We set off down to the North Shield Fish quay more out of Nostalgia than wanting fish, I went to the top of the High lights bank, this looks down onto the fish Quay, the high and the low lights are used by ships entering the Tyne, you line them up high above low and you know you are in the deep water channel, this works very well except in fog and as often happened the Black Middens a group of rocks just inside of the mouth are waiting to entrap the unsuspected. I remember well one foggy day the Leda or it may have been the Venus going aground, these where the 2 Norwegian liners that traveled between the Tyne and Bergen/Götenborg back in the 70s.

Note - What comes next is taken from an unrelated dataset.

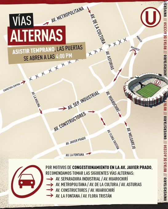 Esta es la lista de objetos prohibidos para el ingreso al Estadio Monumental.#LlenoMonumental #YDaleU pic.twitter.com/0YzNqVvEu6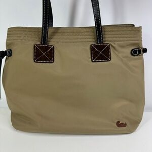 Dooney & Bourke Victoria Tan Beige Nylon Shoulder Bag With Leather Details Large

The North Shields Fish quay with the Low Lights and the Black Middens visible behind, these are covered at high tide |
We then went to some of my old drinking haunts at Tynemouth and along the coast to Cullercoats, Whitley Bay and Hartley, we went up the road to a pub that had not changed a lot in the 55 years that I know of its existence. It was and still is on a road that has no bus service so it is either, car, bike or shank's pony. We had a nice traditional lunch of and then traveled on our way through the mining villages of North East Tyneside. A real trip to my youth as this is where I biked and hiked all of the tracks and byways in my youth.

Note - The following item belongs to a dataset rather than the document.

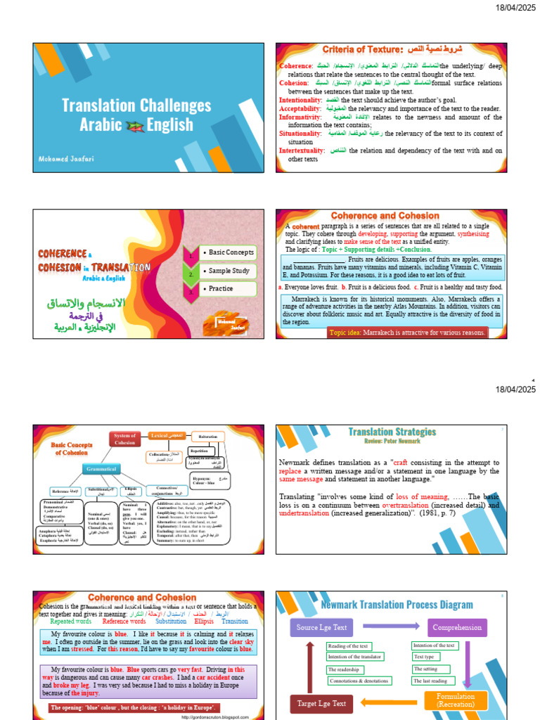 Cohesion is the grammatical and lexical linking within a text or sentence that holds a Newmark Translation Process Diagram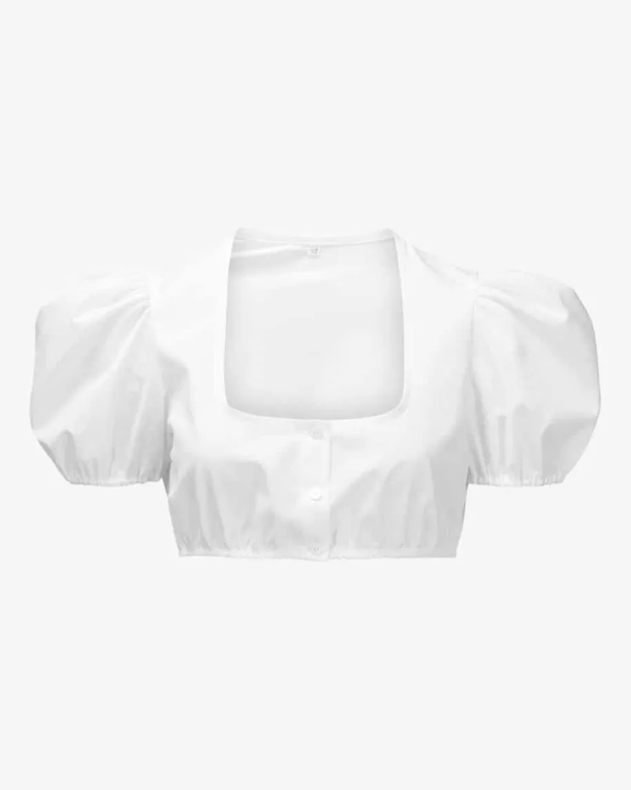 Mariella Dirndlbluse für Damen von Nicoletta Giacomelli in Weiß. Das Modellbegeistert mit tiefem Ausschnitt sowie romantischen Puffärmeln und avanciert sozum stilvollen Begleiter für Ihren Trachten-Look.

The Bee Hive on old Hartley road |
The table d'heute |
Liver, onions and mash with loads of gravy (Linda making a chip butty in the back ground, boy does that lass have class) |
We eventually arrived at the Mining Museum and Northumberland Archives, as I was aiming at doing a bit of family heritage tracing later the next week, we just went around the museum and the old pit yard and winding houses. This really sent me back into my time as a school boy as we went through just so a pit yard on our way to and from my Primary School. I thoroughly enjoyed this. The centre itself is a mine (holding ones side with mirth) of information.

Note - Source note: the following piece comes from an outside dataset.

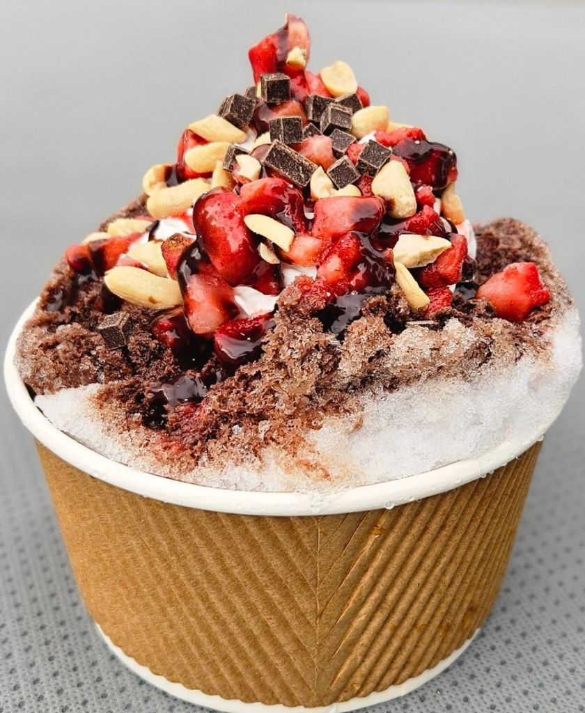 チョコレートのたぴ氷にイチゴの果肉と生クリームがのってます![]()

The winding shed with the pit wheel behind |
One of the mighty winding engines |
A memorial to all those that made Britain Great and often paid with their lives |
We then went back to my sisters via a round-about route, taking in the village where the mining disaster took place back in the 1860s that changed the safety regulations about pit shafts, this was the Hartley pit disaster. I then went to get my fish and chips fix, this was in al probability the worst fish and chips I have had the pleasure to eat (well what I could eat) the fish batter was saturated in oil, the fish inside was of an uneven thickness meaning that the thicker part wasn't too bad but the thinner was dried out. But the worst part were the chips, they had been boiled in oil, yes boiled, flabby, anemic, disintegrating lumps of potato. Not nice at all, bloody diabolical even to call them chips!
Alas that chippy will in future be given a wide berth!